A recent post from the Boulder Daily Camera featured an article on bicycles in crosswalks. It was being proposed that bicyclist should get off of their bikes and walk through the cross walk instead of ride. The current law does allow bicyclist to ride through a crosswalk, but at a speed limit of 5 mph.

In Boulder there is both a huge bicycling community and non-bicycling community. The marriage of the two has been a tumultuous affair. The two sides are constantly bickering. Other communities might learn from their examples of how to do things right or wrong!

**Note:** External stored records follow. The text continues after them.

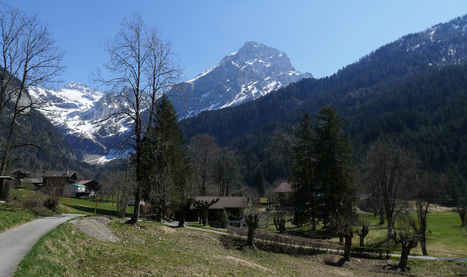
Superbe point de vue sur le Grand Muveran en arrivant aux Plans-sur-Bex .

Quelques 400 mètres plus loin continuer sur le sentier des gorges . Une courte descente et on se retrouve à nouveau au bord de l' Avançon de Nant .
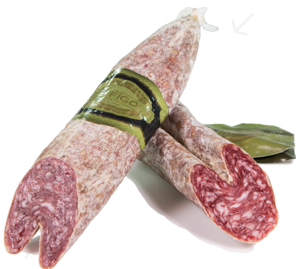
ref.2358 LLONGANISSA CELLER FIGOLS (1kg. x 3u.)
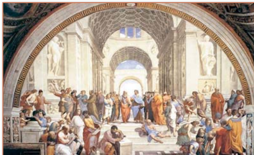
L'École d'Athènes Raphaël chambre de la signature, musée du Vatican

Avec Léonard de Vinci et Michel-Ange, Raphaël incarne le plein accomplissement de la Renaissance en Italie.
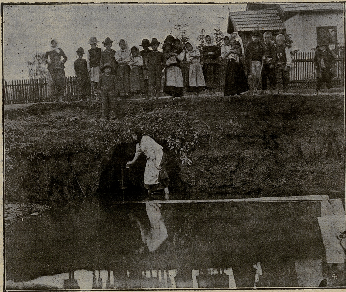
Nowosielce Szlacheckie: Źródło wody żelazistej.
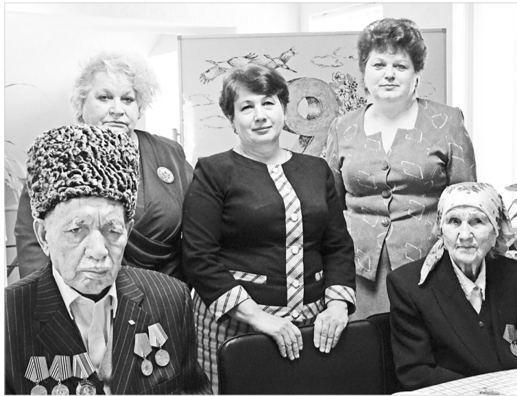
В Управлении ПФР по Нефтекумскому району в канун Дня Победы состоялось чествование ветеранов войны и тружеников тыла.
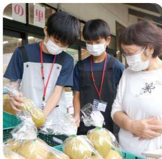
道の駅季の里天栄 お客様に梨の紹介

Meanwhile, the Boulder City Leaders, I am sure, are bombarded with crazy propositions to bring before the City Council. Like, bicyclists should push their bikes while using a crosswalk.

An important task for every community is to find ways of balancing costs, transportation needs, energy, and safety while still representing all their constituents.

In Florida at least 490 (I saw contradictory numbers, this was the lowest) pedestrians and bicyclists died in 2008. In California 620 pedestrians died. For an interesting prospective, a total of 322 soldiers died in Iraq in 2008. Since 2003, a total of 4,707 soldiers have died in Iraq, but just in 2008 - 5,094 pedestrians and cyclists died. The figures indicate that it is safer to be in the Armed Forces that to be a non-car person.

The State and City Leaders have to find better ways to prevent injuries and deaths. Almost every incident with a car and a pedestrian or bicyclist, the car wins.

The Transportation Secretary, Ray LaHood, has called for equal treatment of pedestrians, bicyclists, and motor vehicles. Cars are not the only means of transportation. Cities will also have to find ways to implement the new strategies in order to qualify for Federal Transportation funding.

In Boulder when a bicyclist or pedestrian is injured the comment sections are full of those in support of the driver, or the rider, or the walker. New laws are suggested to make the city safer, like the crosswalk idea. But, are the laws creating safety or just burdening one set of users?

The crosswalk idea was suggested because bicyclist dart across the crosswalk, not giving the motorist a chance to stop. (It is a law in Boulder that cars must stop when someone is using the crosswalk.) To make the suggested law even more (or less) practica, ... perhaps they could add a new law for the cars also.

When the cars stop to watch the bicyclist walk their vehicles across the road, let’s propose that the car drivers, put their cars in park, apply the parking brake, get out of their cars, and run (or walk) once around the car. Then the cars would remain stopped until the driver returned to their seats giving the crosser a safe passage until the driver returned to their seat.

Drivers being required to stop and run around the car is silly; but so is the bicyclist pushing her bike across a crosswalk. Instead if the motorist approaches any crosswalk, they should be prepared to stop (lights blinking or not) then, they will not going be surprised by darting bicycles, slippery skateboards, scooting scooters, rapid runners, or tricky tri-cycles.

Happy safe and courteous trails.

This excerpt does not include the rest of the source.